- Opening Delimiter -

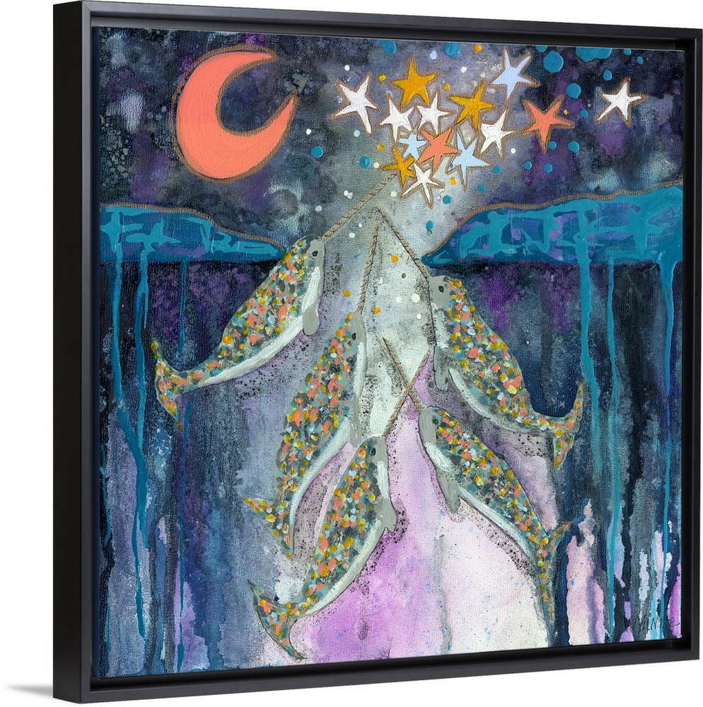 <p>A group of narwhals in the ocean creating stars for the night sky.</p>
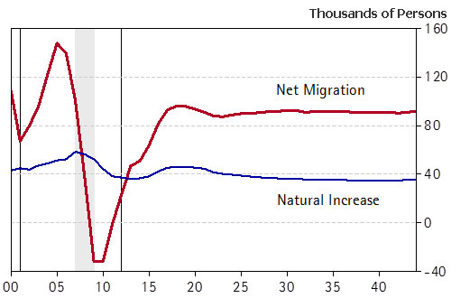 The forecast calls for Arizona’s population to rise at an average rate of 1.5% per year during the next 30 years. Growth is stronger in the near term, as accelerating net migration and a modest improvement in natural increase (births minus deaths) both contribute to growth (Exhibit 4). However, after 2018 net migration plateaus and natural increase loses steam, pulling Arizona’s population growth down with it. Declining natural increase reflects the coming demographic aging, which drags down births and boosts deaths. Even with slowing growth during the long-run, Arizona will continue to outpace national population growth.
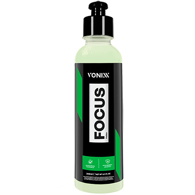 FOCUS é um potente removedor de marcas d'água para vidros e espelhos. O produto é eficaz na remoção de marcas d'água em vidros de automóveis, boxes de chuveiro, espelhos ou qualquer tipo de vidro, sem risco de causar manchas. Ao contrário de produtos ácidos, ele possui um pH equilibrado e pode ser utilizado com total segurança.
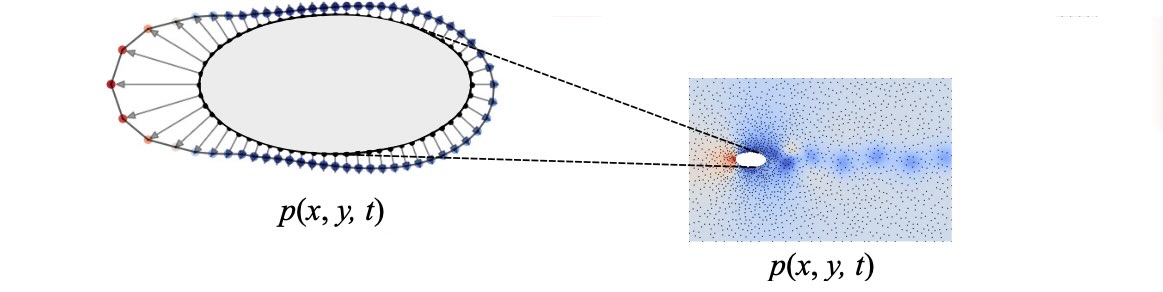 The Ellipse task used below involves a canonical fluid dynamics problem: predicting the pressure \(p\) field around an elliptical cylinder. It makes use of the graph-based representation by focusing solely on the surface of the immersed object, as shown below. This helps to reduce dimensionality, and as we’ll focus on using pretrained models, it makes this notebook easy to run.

- Closing Delimiter -

• To do: All lines from the line with "The forecast calls" through the final line of the data, both included, are to be repeated exactly; no other lines and no pictures.

• Output for this exercise:
 The forecast calls for Arizona’s population to rise at an average rate of 1.5% per year during the next 30 years. Growth is stronger in the near term, as accelerating net migration and a modest improvement in natural increase (births minus deaths) both contribute to growth (Exhibit 4). However, after 2018 net migration plateaus and natural increase loses steam, pulling Arizona’s population growth down with it. Declining natural increase reflects the coming demographic aging, which drags down births and boosts deaths. Even with slowing growth during the long-run, Arizona will continue to outpace national population growth.
 FOCUS é um potente removedor de marcas d'água para vidros e espelhos. O produto é eficaz na remoção de marcas d'água em vidros de automóveis, boxes de chuveiro, espelhos ou qualquer tipo de vidro, sem risco de causar manchas. Ao contrário de produtos ácidos, ele possui um pH equilibrado e pode ser utilizado com total segurança.
 The Ellipse task used below involves a canonical fluid dynamics problem: predicting the pressure \(p\) field around an elliptical cylinder. It makes use of the graph-based representation by focusing solely on the surface of the immersed object, as shown below. This helps to reduce dimensionality, and as we’ll focus on using pretrained models, it makes this notebook easy to run.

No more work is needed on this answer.